2. INTRODUCTION
The teaching assistant evaluation reviews academic qualifications, relevant experience,
quality of teaching, and professional contributions. All these aspects can be assessed by the
students, peers or by the teachers themselves. This paper includes the teachers’ evaluation.
Aleamoni suggests that students are the main source of information about the learning
environment, including teachers' ability to motivate them for continued learning, rapport or
degree of communication between instructors and students. They are also the most
consistent evaluators of the quality, the effectiveness of the learning process and satisfaction
with course content, method of instruction, textbooks, homework, and student interest
(Aleamoni, 1981). This project focuses on the application of some machine learning
techniques on this data in order to develop a model that can use some past assessment to
determine a future evaluation.
This report includes brief introduction of supervised learning used to build Random Forest
technique.
SUPERVISED LEARNING
Supervised learning as the name indicates a presence of supervisor as teacher. Basically
supervised learning is a learning in which we teach or train the machine using data which is
well labelled that means some data is already tagged with correct answer. After that, machine
is provided with new set of examples(data) so that supervised learning algorithm analyses the
training data(set of training examples) and produces an correct outcome from labelled data.
RANDOM FOREST
Random forests or random decision forests are an ensemble learning method for
classification, regression and other tasks that operates by constructing a multitude of decision
trees at training time and outputting the class that is the mode of the classes (classification)
or mean prediction (regression) of the individual trees. Random decision forests correct for
decision trees' habit of overfitting to their training set.

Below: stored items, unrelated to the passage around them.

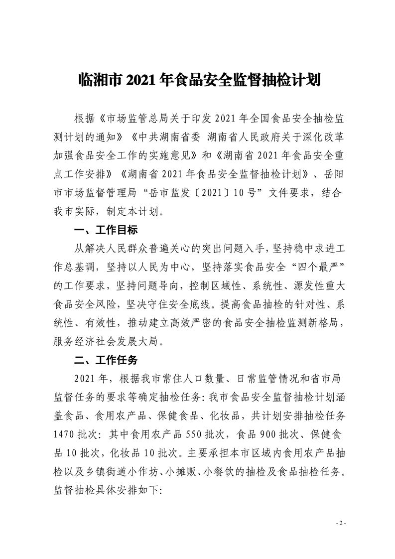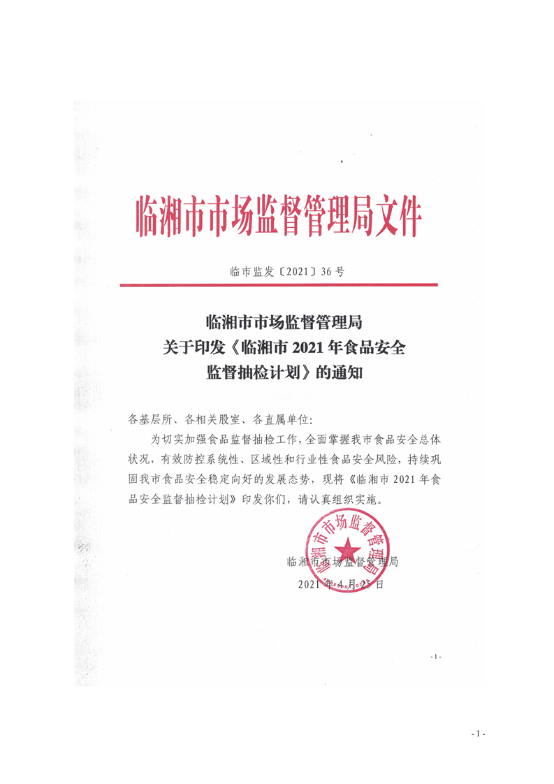 临湘市市场监督管理局关于印发《临湘市2021年食品安全监督抽检计划》的通知
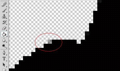 Hola metalfox6383, si deseas rellenar una selección de esa manera, en la barra de opciones de la herramienta sección (cual sea la que uses), le pones valor 0 al feather y le quitas el anti-alias.Cita:
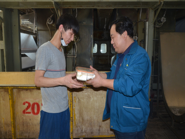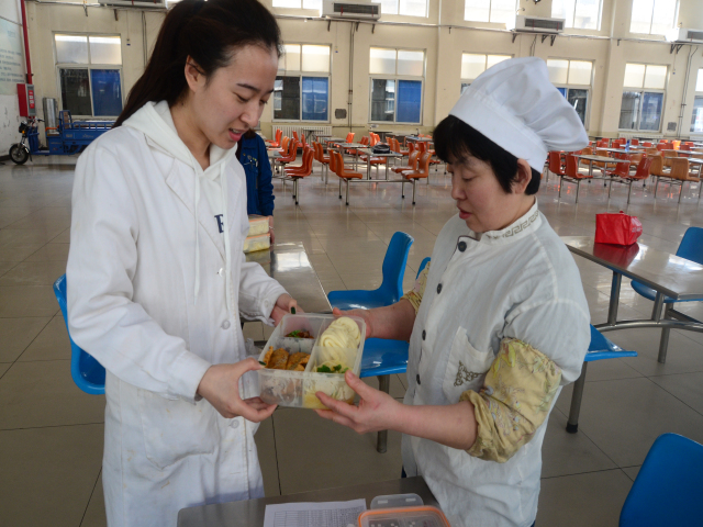 “紅燒肉、炸魚、雞腿、花卷、酸辣土豆絲”,這是公司為3月份過生日的50名單身員工準備的單身員工生日餐。中午下班后,“壽星”們陸續(xù)來到餐廳領(lǐng)取屬于自己的生日餐,研究院李佳奇打開生日餐盒,直言道“好香啊”。對于生產(chǎn)崗位三班員工,車間將統(tǒng)一領(lǐng)取,送到“壽星”所在的崗位。這不,今天中午家紡車間主任王旭洲早早地領(lǐng)到孔慶凡和王亞開兩位員工的生日餐,并送到了他們的手中。
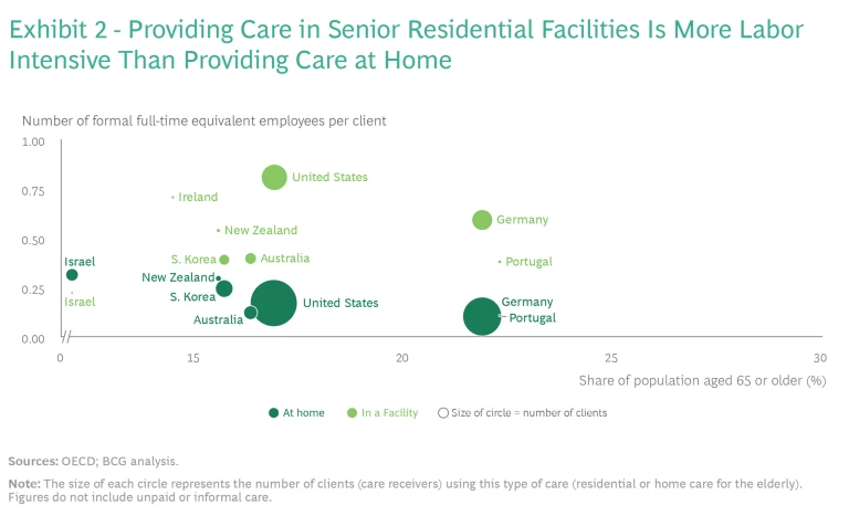 In recent years, aging in place has become an increasingly popular alternative. In contrast with the traditional route, aging in place offers blended care, in which formal staff is mixed with informal labor—the largely unpaid caretaking and housekeeping provided by family, friends, and elderly people themselves. (See Exhibit 2.)

Random Forest Machine Learning Algorithm maintains accuracy even when there is
inconsistent data and is simple to use. It also gives estimates on what variables are important
for the classification. It runs efficiently on large databases while generating an internal
unbiased estimate of the generalisation error. It also provides methods for balancing error in
class population unbalanced data sets but analysing them theoretically is difficult and
formation of a large number of trees can also slow down prediction while handling real-time
system. There is also another drawback that is, it does not predict beyond the range of the
response values in the training data.
3. DATA SET INFORMATION
The data consist of evaluations of teaching performance over three regular semesters and
two summer semesters of 151 teaching assistant (TA) assignments at the Statistics
Department of the University of Wisconsin-Madison. The scores were divided into 3 roughly
equal-sized categories ("low", "medium", and "high") to form the class variable.
(Fig-1-Dataset Snapshot)
Attribute Information:
1. Whether or not the TA is a native English speaker (binary); 1=English speaker, 2=non-English
speaker
2. Course instructor (categorical, 25 categories)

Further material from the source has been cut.